Duck Paterson’s column: “Maybe we’re not so different from the Americans” elicited a strong reader response. Below are two letters that were published in the Jan. 21 edition of the Chronicle.

Paterson is a prime example of fascism in the USA

It is with shock and awe that anyone with an education in politics can read or listen to anything Duck Paterson has to say about democracy.

In Duck’s world of privilege vs democracy “industry” means conservative hurt on the environment and rapt ignorance let alone complete disregard for the practicalities of a green economy vs. the invasive species of exploitation = industry.

And as a representative of the might means right wing, Duck Paterson then has the audacity to compare the left wing i.e. democracy/socialist and environmentally responsible community to their exact opposite but whom Duck more factually represents — the fascist militia who invaded the USA Capital on Jan 6, 2020.

Neo-liberals and neo-fascists excel at attempting to accuse what they see as standing in their way (in this case the individuals who saw that protecting the creek and spending the 2 million building a Fire hall somewhere near the recycling depot) with their own crimes and misdemeanors.

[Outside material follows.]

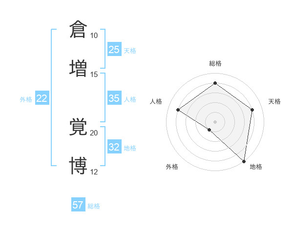 倉増 覚博さんの総格は57画の4点!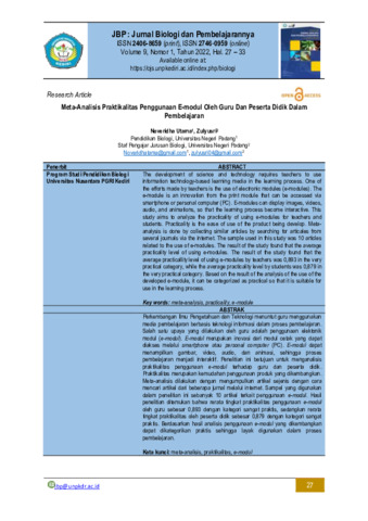 Noveridha, Utama and Zulyusri, Zulyusri (2022) Meta-analisis praktikalitas penggunaan e-modul oleh guru dan peserta didik dalam pembelajaran. Jurnal Biologi dan Pembelajarannya (JBP), 9 (1): 3. pp. 27-33. ISSN 2406-8659

Duck Paterson is an example of dissembling of the people’s will at work, an individual with political power actively working against actual democracy in our own community.

Jacqueline Leitch-Murphy

Ladysmith, BC

Paterson’s contentions are unfounded

Thank you for providing town councilor Duck Patterson a space to share his Perspective. And thanks to Councilor Patterson for addressing a timely and difficult topic, the legitimacy of public protest. Unfortunately, in making his point, he equates non-violent environmental protests in Canada with the recent armed assault on the US capitol. And he further suggests this behaviour is a recent development in our previously law abiding society.

Unfortunately, neither of those contentions stand up to scrutiny. Canadians have often fought for their principles, when it seemed like their only recourse. Think of Louis Riel, the Winnipeg general strike, the 1935 trek to Ottawa, and the Ladysmith coal miner’s strike of 1913. All involved disruption and confrontation.

But while idealizing our past, Mr. Patterson points a finger at recent non-violent environmental protests, such as those objecting to oil pipelines or the logging of old growth forests. And while conceding that recent events in the US are huge in comparison, he nevertheless concludes that they prove we are becoming more like America.

In the end, Mr. Patterson asks if we are going to defend our democratic principles, seemingly forgetting that the rights of free speech, assembly and protest are also principles on which this country was founded.